• European Medicines Agency approves first two pegfilgrastim biosimilars and another adalimumab biosimilar
  • Pfizer launches NivestymTM, a filgrastim biosimilar, in the United States
  • Only five of twelve approved biosimilars have launched in the United States

As pharmaceutical drug costs attract increasing media attention and political scrutiny, a growing number of biosimilar drugs are set to enter the U.S. and European markets in the coming years.  Global sales for the top ten branded biologic drugs totaled approximately $71 billion in 2017[1].  Competition in the heavily regulated marketplace for these blockbuster therapeutics is expected to substantially impact the pharmaceutical industry and national health systems.  To date, the U.S. has considerably lagged behind Europe’s expansion of biosimilar drug options.  The RAND Corporation estimates that biosimilar products can save the U.S. health system approximately $54 billion over the next decade, as discussed here.

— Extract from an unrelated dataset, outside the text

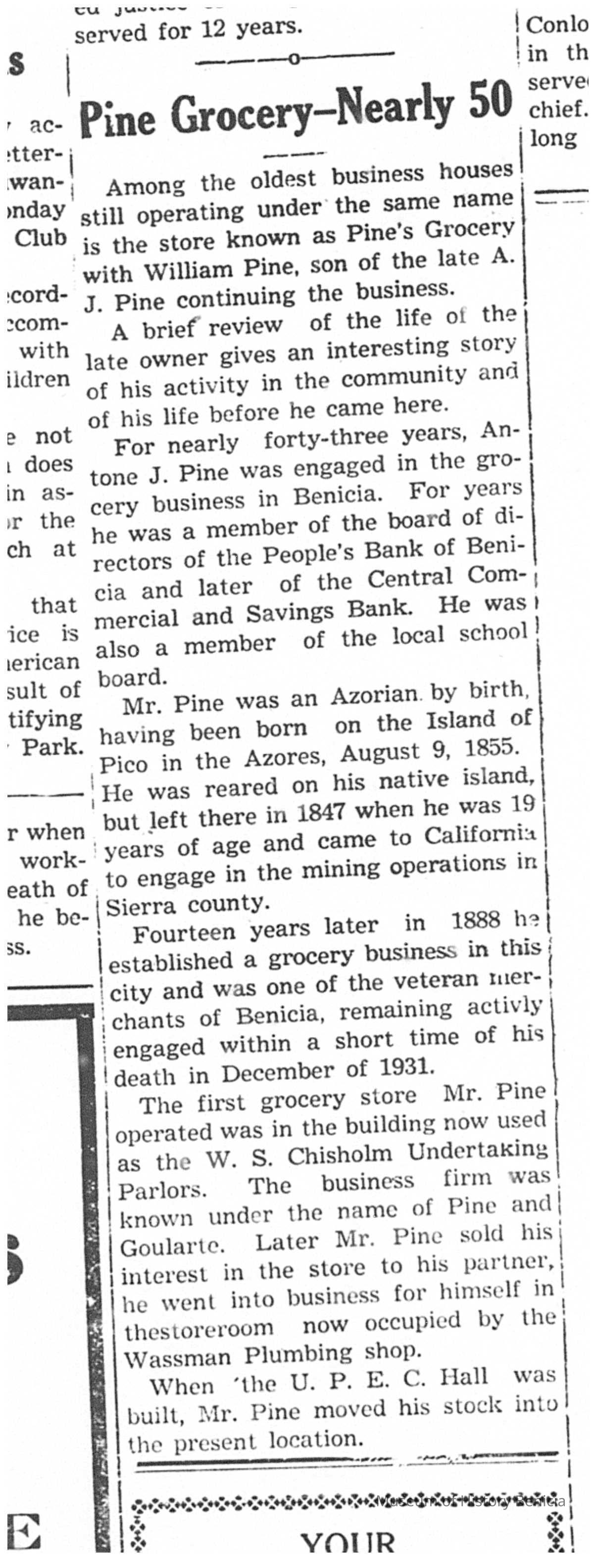Attached is an article from the 09/09/1937 Benicia Herald about the Pine Grocery history.Collection

Since 2005, the biosimilar regulatory framework in Europe has been implemented through the Committee for Medicinal Products for Human Use (CHMP) under the European Medicines Agency (EMA).  The CHMP provides initial assessments for marketing authorization of new medicines that are ultimately approved centrally by the EMA.  Since Sandoz’s somatotropin biosimilar Omnitrope® was first authorized on April 12, 2006, an additional 48 out of 53 applications have been approved in Europe.  Three of the authorizations have been withdrawn post-approval by the marketing authorization holders (Table 1).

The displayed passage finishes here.